Method: A prospective trial of fibular osteotomy was performed in 16 consecutive TAR (13F/3M), mean age 67 (41–82). All operations were performed by the same surgeon, as described by the inventor of the procedure, Dr. Frank Alvine, MD. After completion of the syndesmotic fusion, the fibula was exposed proximal to the proximal syndesmotic screw. An oblique osteotomy of the fibula was performed. Importantly, the angle of the cut was made such that the proximal fibula was trapped by the distal cut surface. The osteotomy was directed from medial distal to lateral proximal. All cases were followed until radiographic and clinical signs of healing were seen.

Results: Union occurred in all cases, with a mean time to fusion of seven weeks, with six patients achieving union within five weeks. No patient developed pain at the osteotomy site. All osteotomies showed signs of radiographic healing and none of these were symptomatic. There were no neuromas related to this procedure, and no patient experienced sensory changes along the nerve distribution. One patient developed symptomatic prominence of the screw on the medial malleolus and was asypmtomatic after implant removal.

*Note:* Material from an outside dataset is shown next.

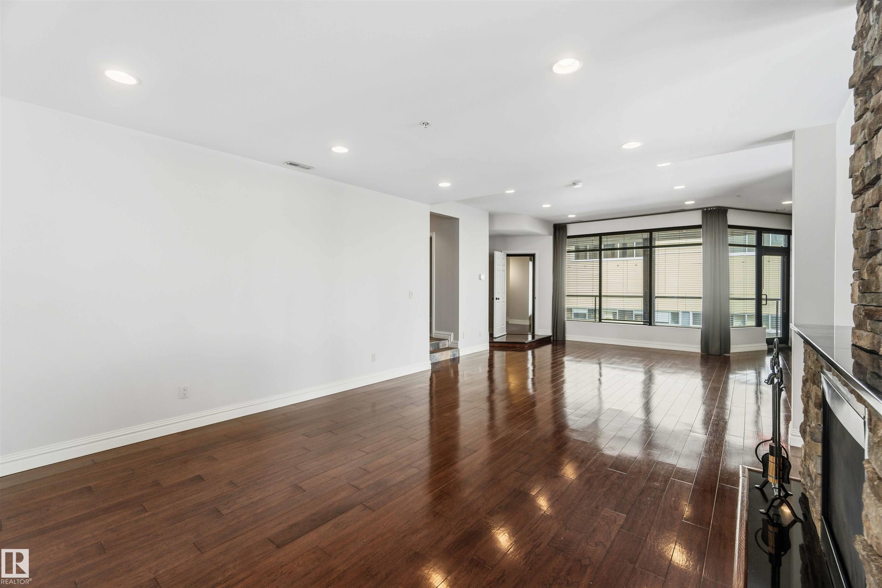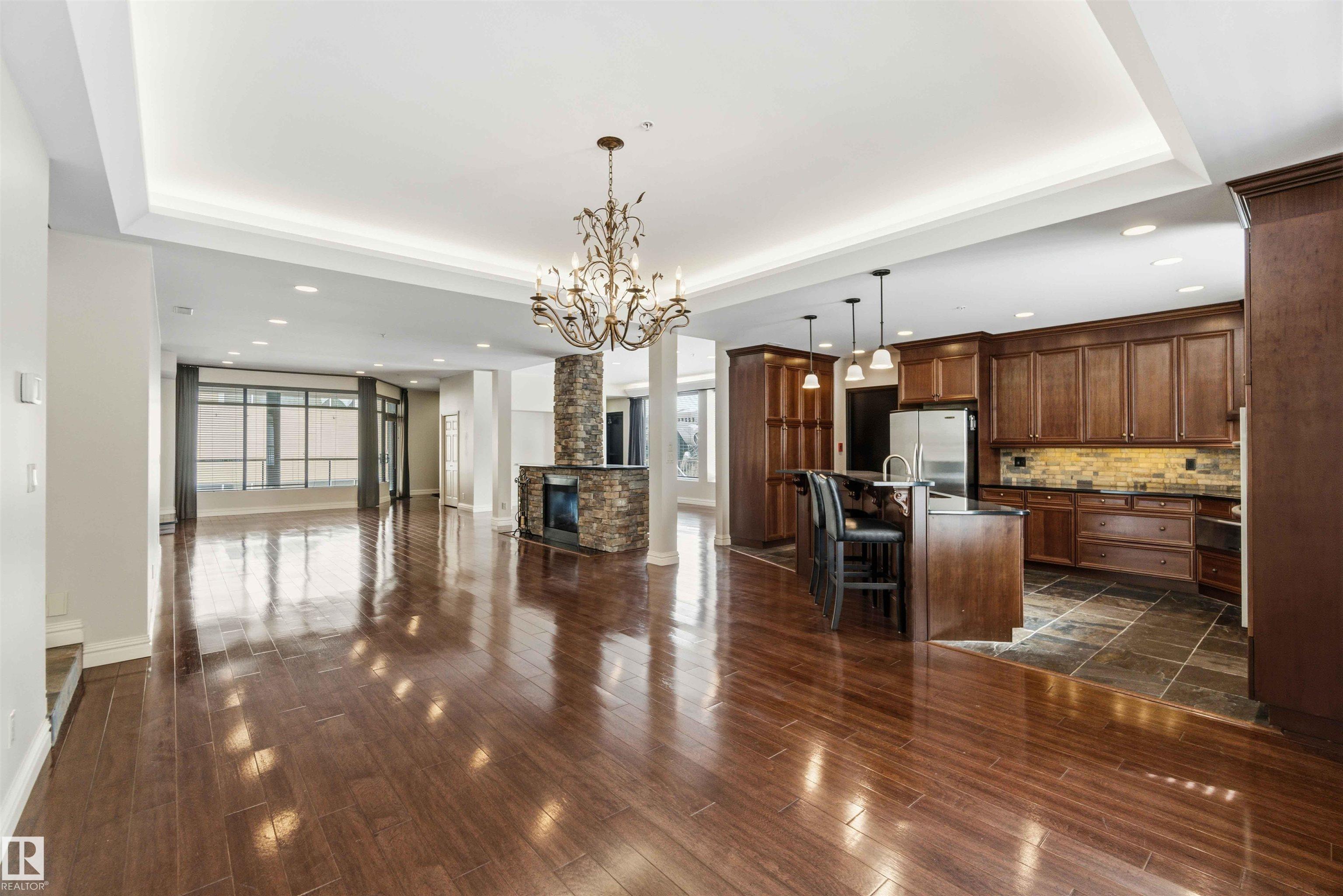Gorgeous, impeccably maintained penthouse in the prestigious Churchill Exchange, offering 2,389 sq. ft. of refined living space with exceptional privacy and two private balconies. This elegant residence features an open-concept design with rich hardwood flooring and a spacious living room anchored by a striking two-sided gas fireplace.The adjoining family and dining area is perfect for everyday living and entertaining, with patio doors leading to a large, secluded terrace. The kitchen is thoughtfully appointed with abundant cabinetry, granite countertops, and a raised breakfast bar.The primary suite offers a walk-in closet & a bright 3-piece ensuite with skylight. Two additional bedrooms provide flexibility, with the third ideal as a den and offering access to the main 4-piece bath. Ample in-suite storage adds convenience. Complete with two titled underground parking stalls, additional storage & direct elevator access, this exceptional residence is ideally located near shopping, dining, and entertainment.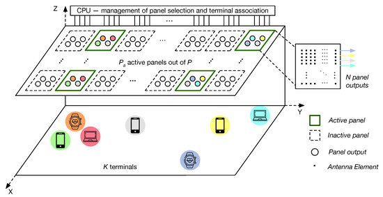 - is a binary vector, where indicates whether the kth terminal is served by the pth panel, and , meaning that only N terminals can be served if the pth panel is activated.

Conclusion: The addition of a fibular osteotomy resulted in a 100% rate of syndesmosis fusion. We postulate that the osteotomy is successful because it removes the micromotion at the syndesmosis, which occurs with loading of the intact fibula. As the fibula only functions as a lateral strut in patients with an Agility total ankle, we felt that the osteotomy would cause minimal if any concerns. Our findings corroborate our hypothesis in that all the fusions were successful and none of the patients experienced secondary problems related to the osteotomy. We would recommend this technique as an adjunct to standard ankle replacement using the Agility system.